Being accountable to any test result is being accountable to the wrong thing. Right now, the most important test in the world is for the Coronavirus. The information it provides is immensely useful, and yet to treat that information as more than information about the presence or absence of the virus is a mistake.
Neither outcome tells us anything about a person’s overall health. Neither outcome signals anything about what has happened or what will happen. And both outcomes come with a caveat—there is a small possibility of the result being wrong, of suggesting you have it when you don’t, or that you don’t when you do. To treat either outcome as more than it is absent contexts, details, and a whole lot of additional information renders any next step invalid, likely to be unhelpful, or even harmful.
All tests suffer from this limitation. It is a consequence of trying to squeeze as much precision as possible out of a single result, and the necessary price we pay for needing and trying to do so. More accurate results provide confidence that studies of the contexts, details, and any applicable information can be more expertly applied. But really, all any result does is move us a step or two away from chaos. It does not, as is so commonly and wrongly presumed, put us a step or two away from surety. And while that is still so much better than having no information at all, it is no more than one piece of a much larger puzzle.
What would be terrible for all of us is a lockstep approach that failed to consider context, that applied a generic solution to a result, or that refused to consider the unique conditions of an individual. Medicine would be reduced to a simple decision tree and we would be infinitely worse off than we are. It would be like thinking we’re through with a puzzle after the first two pieces come together.
Educational testing based on a specific methodology—the variety used in state testing programs, or the norm-referenced tests sold commercially, such as the Iowa Test of Basic Skills, or NWEA’s MAP—is now guilty of encouraging that exact sort of behavior. These too are tests that produce a narrow result that move us a step or two from chaos but no further. The results are nothing more than points on a continuum (some of which will be wrong) based on a moment in time that lacks context, cause, or professional interpretation. Yet to sell more product or to support bad educational policy, the declaration gets made that the results are more than they are, that they can directly inform teaching and learning, indicate quality or effectiveness, and replace professionalism.
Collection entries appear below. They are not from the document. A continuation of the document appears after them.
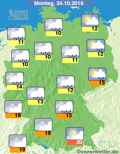 Zum Start in die neue Woche geht es verbreitet mit starker Bewölkung weiter, dabei zieht im Tagesverlauf von Westen her Regen auf, der sich bis zum Abend auch bis in den Osten des Landes ausbreitet. Freundlicher und meist trocken ist es im Nordosten und über dem äußeren Süden Deutschlands. Es werden 10 bis 15, im Süden bis 20 Grad erreicht.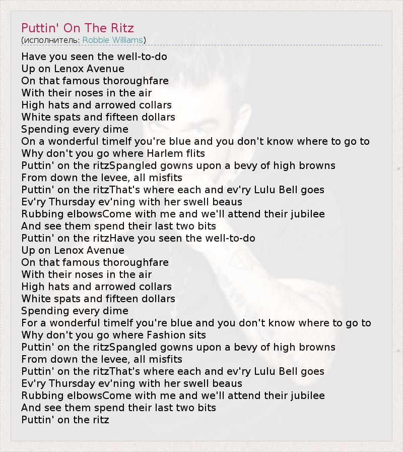 Have you seen the well-to-do Up on Lenox Avenue On that famous thoroughfare With their noses in the air High hats and arrowed collars White spats and fifteen dollars Spending every dime On a wonderful timeIf you're blue and you don't know where to go to Why don't you go where Harlem flits Puttin' on the ritzSpangled gowns upon a bevy of high browns From down the levee, all misfits Puttin' on the ritzThat's where each and ev'ry Lulu Bell goes Ev'ry Thursday ev'ning with her swell beaus Rubbing elbowsCome with me and we'll attend their jubilee And see them spend their last two bits Puttin' on the ritzHave you seen the well-to-do Up on Lenox Avenue On that famous thoroughfare With their noses in the air High hats and arrowed collars White spats and fifteen dollars Spending every dime For a wonderful timeIf you're blue and you don't know where to go to Why don't you go where Fashion sits Puttin' on the ritzSpangled gowns upon a bevy of high browns From down the levee, all misfits Puttin' on the ritzThat's where each and ev'ry Lulu Bell goes Ev'ry Thursday ev'ning with her swell beaus Rubbing elbowsCome with me and we'll attend their jubilee And see them spend their last two bits Puttin' on the ritz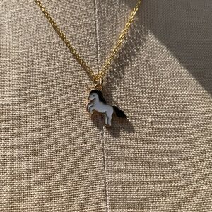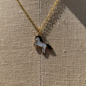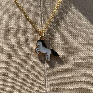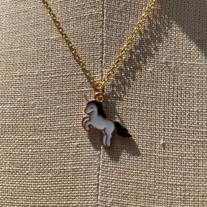 Elegant gold-tone sterling silver chain with black & white enamel alloy unicorn charm pendant necklace perfect for any occasion. Add a touch of charm to your outfit with this beautifully crafted piece.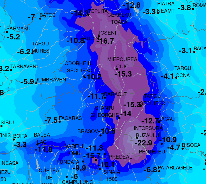Ger a fost și la Joseni, în județul Harghita, acolo unde s-au înregistrat minus 16,7 grade Celsius, iar la Predeal minima a coborât până la minus 15,7 grade, cea mai scăzută valoare din județul Brașov. Foarte frig a mai fost și la Miercurea Ciuc, dar și la Târgu Secuiesc, acolo unde s-au înregistrat minus 15,3 grade Celsius, iar la Sfântu Gheorghe au fost minus 14 grade.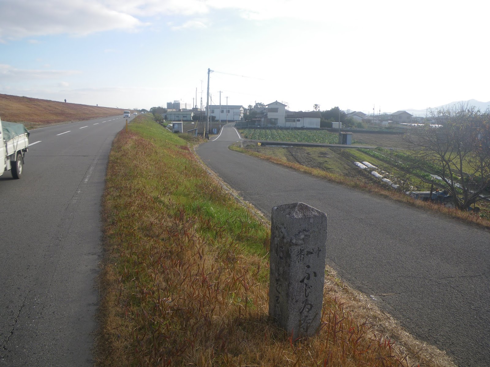 古い標石に従えば、遍路道は分岐点を左に入り粟島の渡で吉野川南岸に進むことになるが、現在その渡しも橋もない。「四国のみち」の「従是藤井寺 5.9粁」の指示に従い分岐点を右に進む。

This is as false and misleading and harmful as thinking that a diagnosis equates with a solution. All test results require interpretation through the broader technical lens of a professional equipped with the full context of the individual’s situation and current best practices. And they require the ability to question that lens, to recognize it as always incomplete and able to be improved upon. Only then is the professional capable of determining an optimal path forward for that student or patient while at the same time being responsible for making that path better for the next time.
I used to be kinder to the test publishing world—especially when I was in it and it was paying my bills and I still believed we were capable of staying within the limitations of what a test is—but the field has strayed way too far from its usefulness of putting tools in the hands of a researcher and instead has become something else altogether.
We would never tolerate straying so far from what a thing is in the tools that will help us through the pandemic because the consequences would be unthinkable. We shouldn’t tolerate it in the education of our nation’s children for the exact same reason.